Operation Grapes of Wrath; Qana Massacre
Abass Awala
Interviewed for MAOHP - 07/03/2018
Reference Code: IE_MA_MAC_006_MAOHP_0032_D
Location(s): Tulin
Length: 5.43
In this clip Abass discusses Operation Grapes of Wrath in 1996 [in one case he gives the year as 1986 but he is referring to events that took place in 1996]. He recalls eleven hundred inhabitants running into the United Nations camp where he was working, to be sheltered by UNIFIL soldiers. Among these were nine or ten heavily pregnant women, eighteen people doing pilgrimages and many mothers breast feeding or bottle feeding children. The pilgrims were evacuated to Beirut where they could fly to Saudi Arabia and the women were evacuated to hospitals in Tyre.
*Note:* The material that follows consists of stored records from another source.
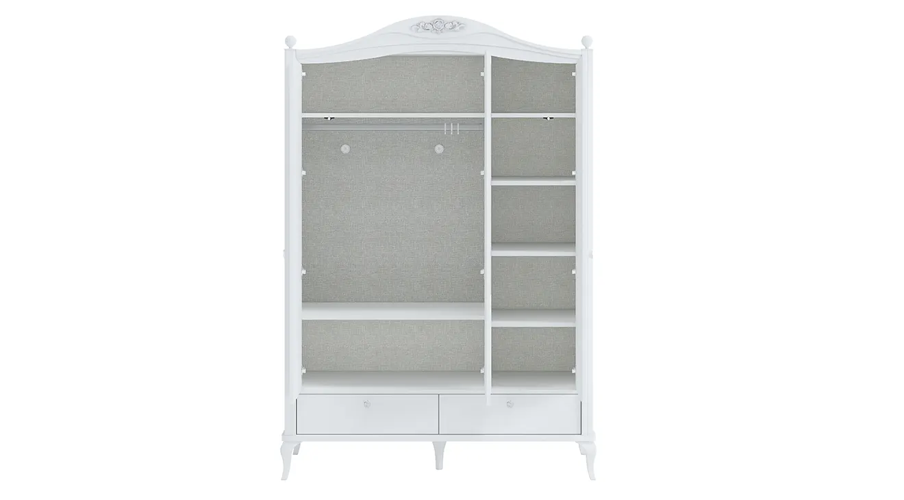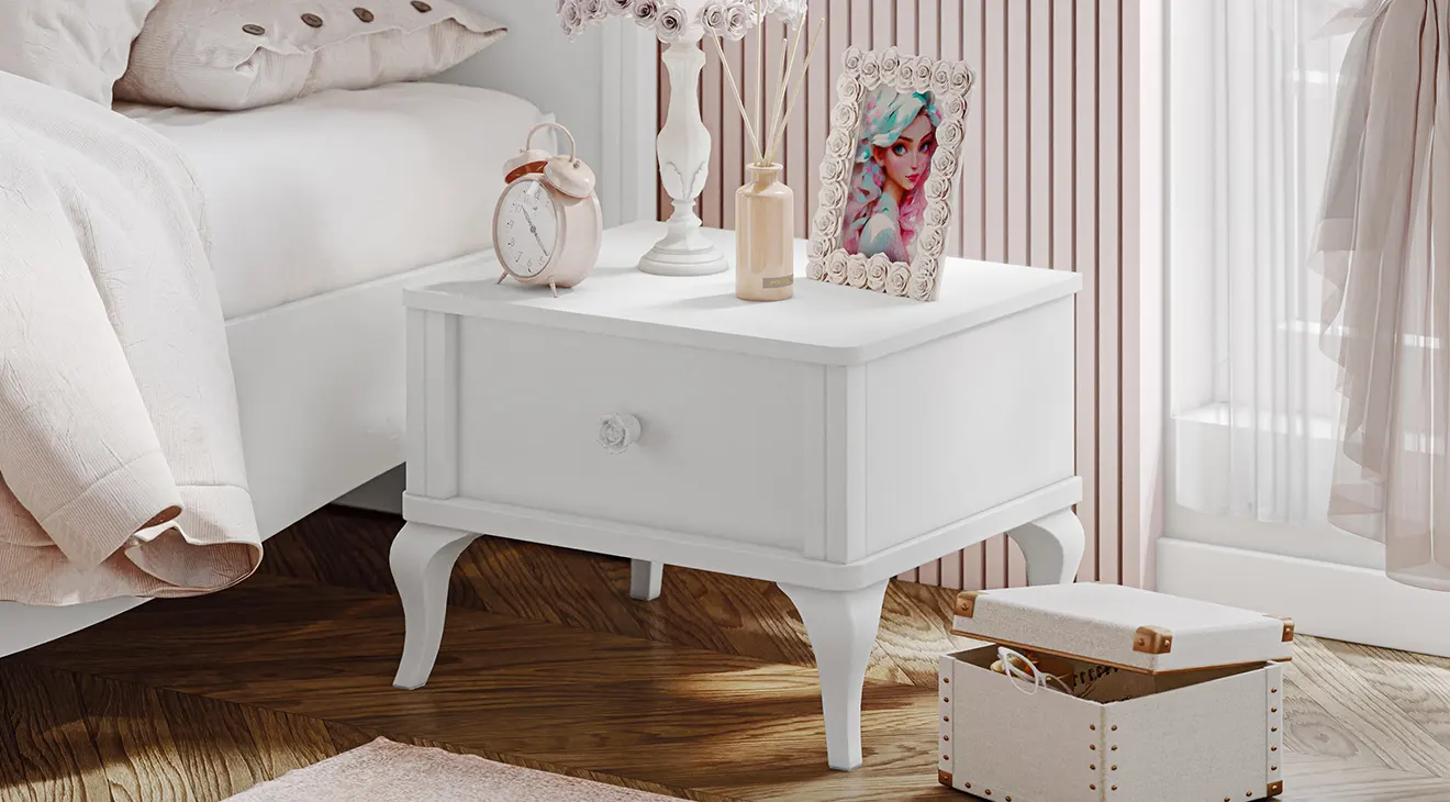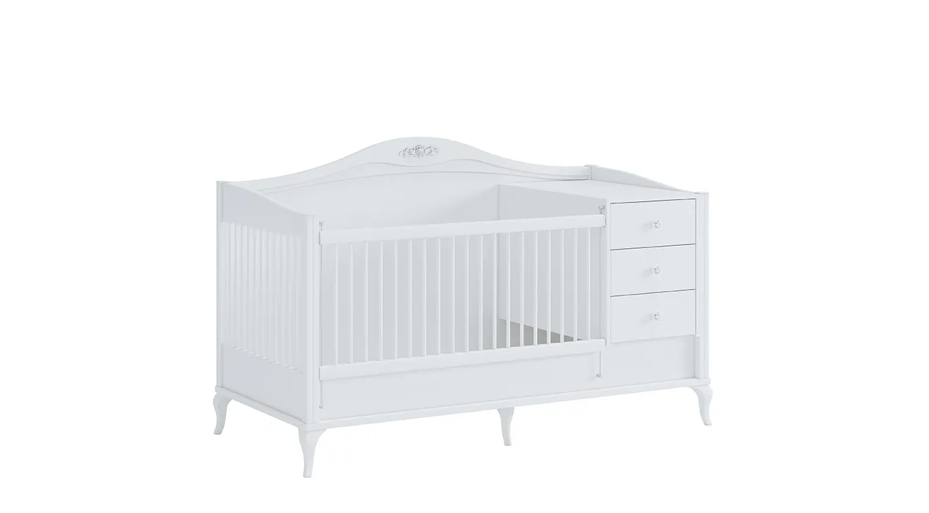 Jasmine Bebek Odası Takımı, yumuşak hatlı klasik modern çizgileriyle bebeğinizin odasına ferah ve zarif bir atmosfer getirir. Beyaz yüzeyler, detaylı ayaklar ve kullanışlı depolama çözümleri (gardırop, şifonyer, entegre beşik) sayesinde hem estetik hem de pratik. Yeni doğan ve büyüyen çocuklar için uzun ömürlü bir tercih.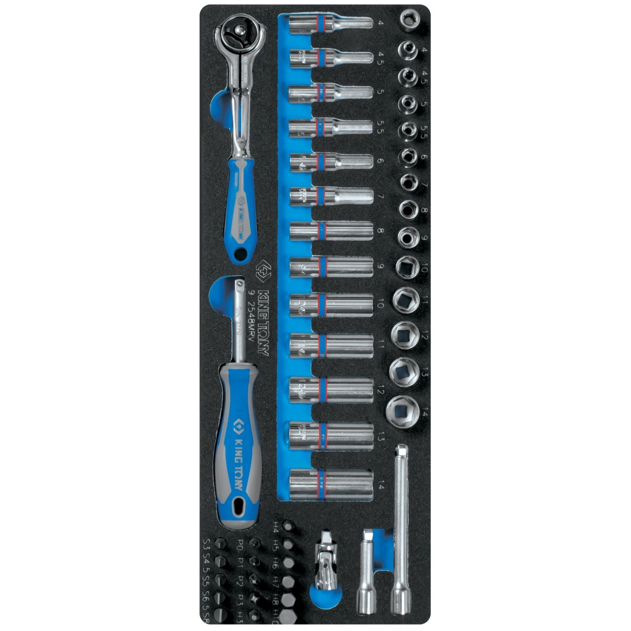 Набор торцевых головок 1/4" с принадлежностями, ложемент, 48 предметов KING TONY 9-2548MRV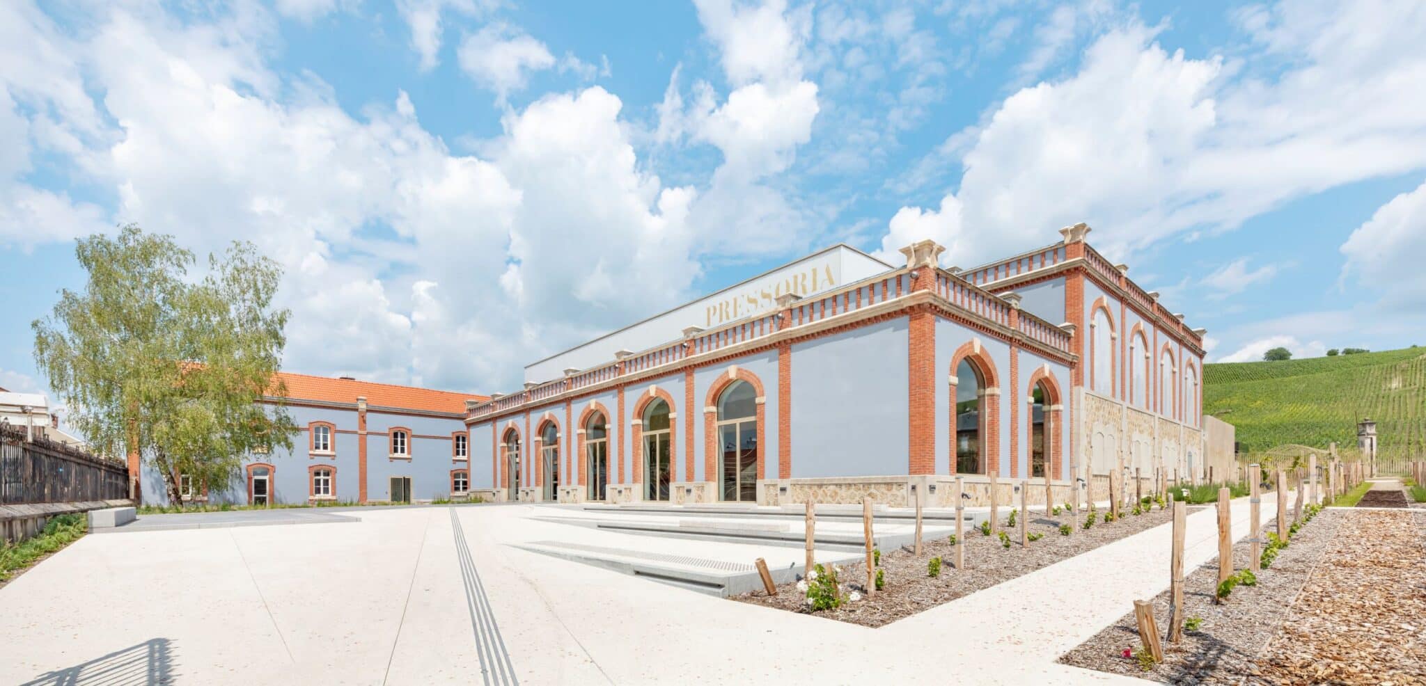 Pressoria mêle héritage culturel et design contemporain, avec une scénographie moderne et de nombreux espaces dédiés à l’événementiel pour introduire la Champagne viticole et le champagne à ses visiteurs.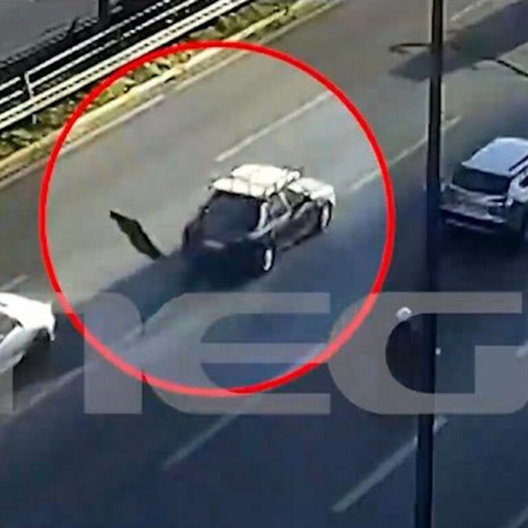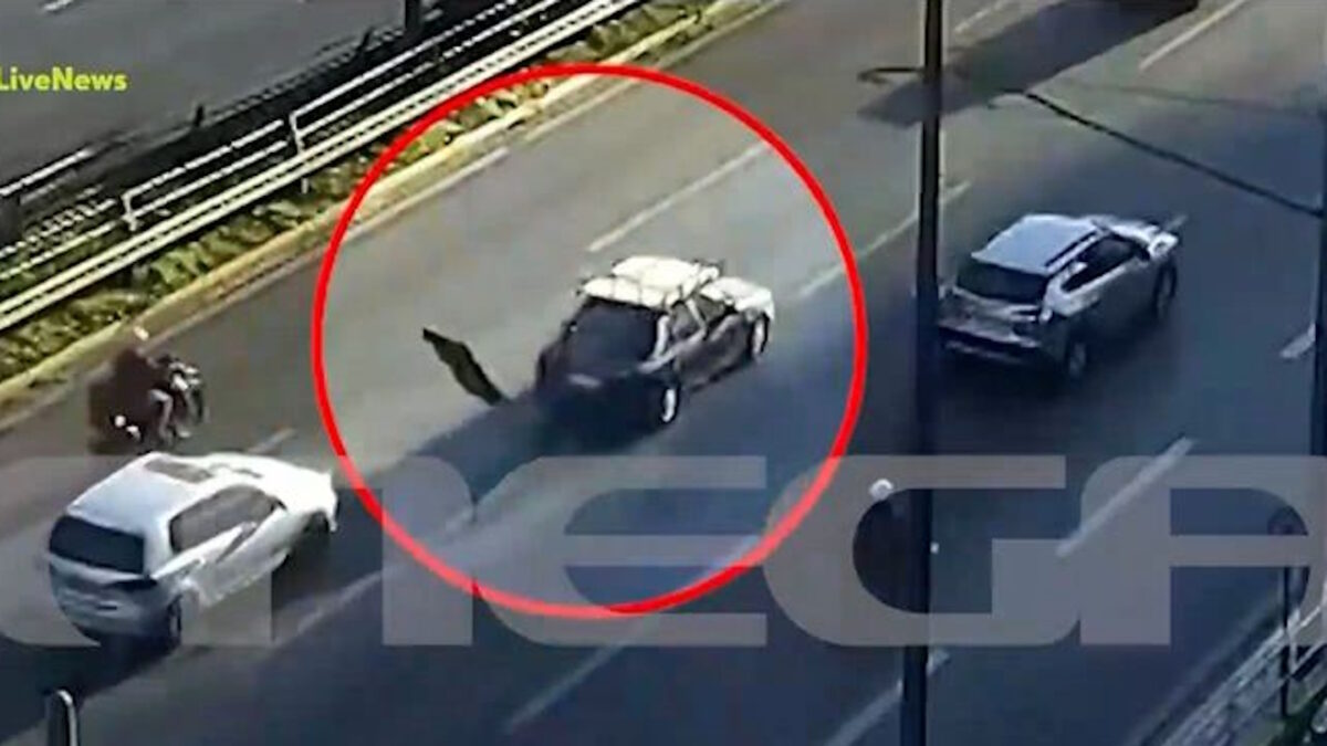 Όπως φαίνεται στο βίντεο ντοκουμέντο του MEGA, η τηλεόραση «πετάει» από το αυτοκίνητο στο οδόστρωμα, την ώρα που το αυτοκίνητο βρίσκεται στη μεσαία λωρίδα στη λεωφόρο Συγγρού.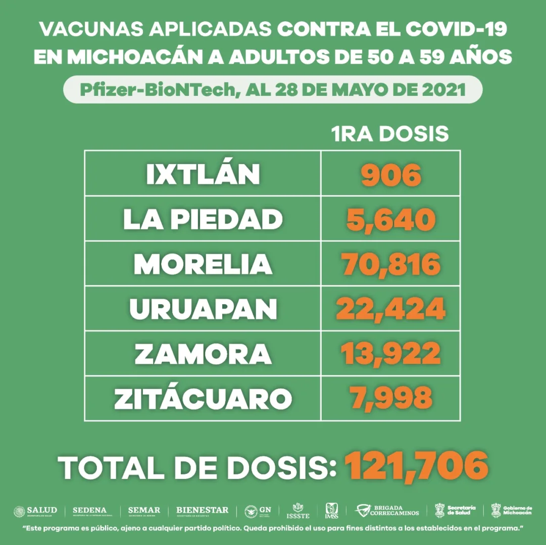 Morelia, Michoacán, a 28 de mayo de 2021.- De acuerdo con el reporte epidemiológico emitido por la Secretaría de Salud de Michoacán (SSM), el 38.22 por ciento de los casos confirmados de COVID-19 en la entidad corresponde a personas de entre 50 y 59 años de edad.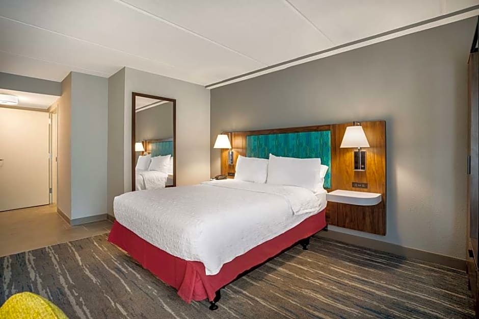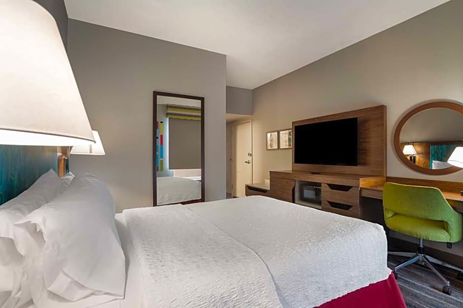 Mini-fridge, microwave, easy chair, desk, 32-inch TV, free WiFi Relax in this king room with a clean and fresh Hampton bed®. Sink into the easy chair with ottoman and watch movies on the 32-inch HDTV. Surf the web with free WiFi. Catch up with work at the large desk with ergonomic chair. Refresh your senses in the bathroom, complete with a shower and plush towels. Enjoy the convenience of having a mini-refrigerator, microwave and coffeemaker in the room.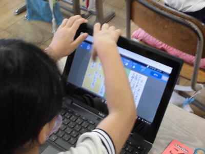 タブレットを使って、問題に取り組みます。先生の指示で、みないっせいにタブレットを起動させました。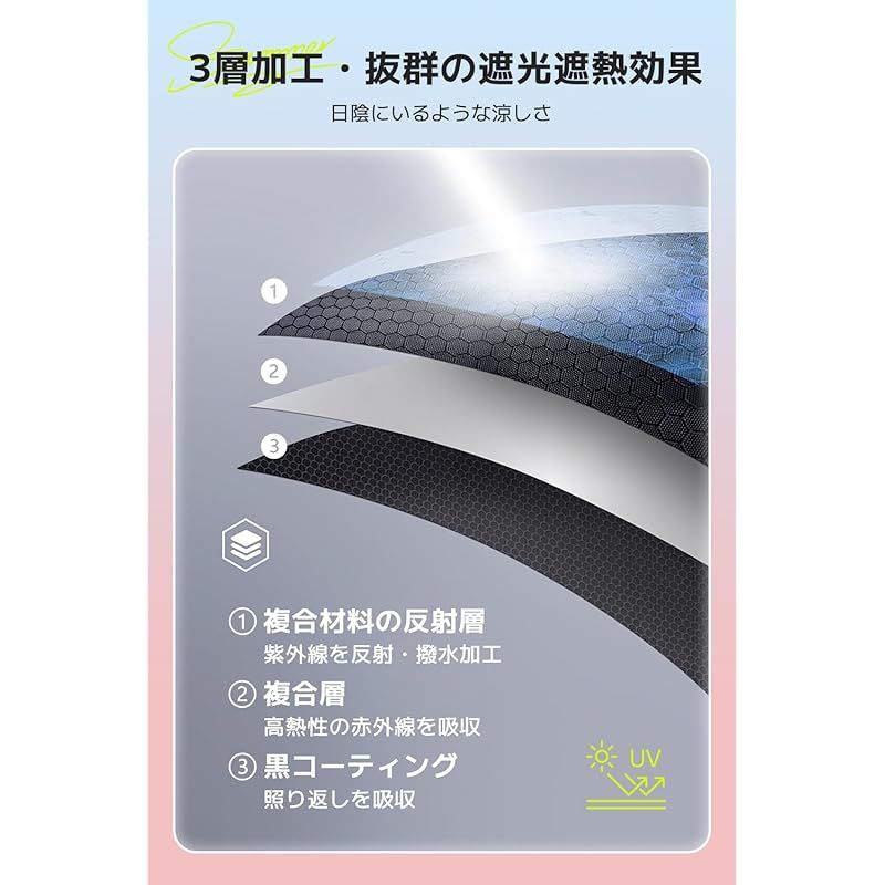 【99.9%以上UVカット・遮熱遮光】強い日差しを気にせずお出かけできるように、多層構造を採用し、UVを99.9%以上カット、遮光率99.9%以上、効果的に日焼け止めすることができます。UPF50+のレベルにより、紫外線による肌へのダメージを完全に防ぐことができます。裏にはブラックコーティング加工を施している生地を採用しているので、地面や壁面からの照り返しによるUV反射もカットし、お肌と目を保護します。厳しい暑さから身体を守る高い遮熱性も実現しています。

Food was difficult and resources were limited and everyone stayed in the camp for eighteen days. He refers to the sounds of banging and shelling and hearing news reports of people being killed. Abass recalls that he had a mobile phone at the time, one of only two mobile phones in the camp, and they were in use twenty-four hours a day. A massacre at a United Nations Post in Qana happened while they were in the camp and was reported on the news, he says people began to feel they were not any more secure in a UNIFIL camp. Archives Note: Operation Grapes of Wrath was a sixteen day campaign by the Israeli Defence Forces against Lebanon; the stated aim of the operation was to attempt to end rocket attacks on Northern Israel by Hezbollah. During the campaign more than eleven hundred air raids were carried out and South Lebanon was extensively shelled. The Qana massacre refers to an action in April 1996 during Operation Grapes of Wrath when a United Nations Fijian compound was bombed, killing more than a hundred Lebanese civilians sheltering in the camp.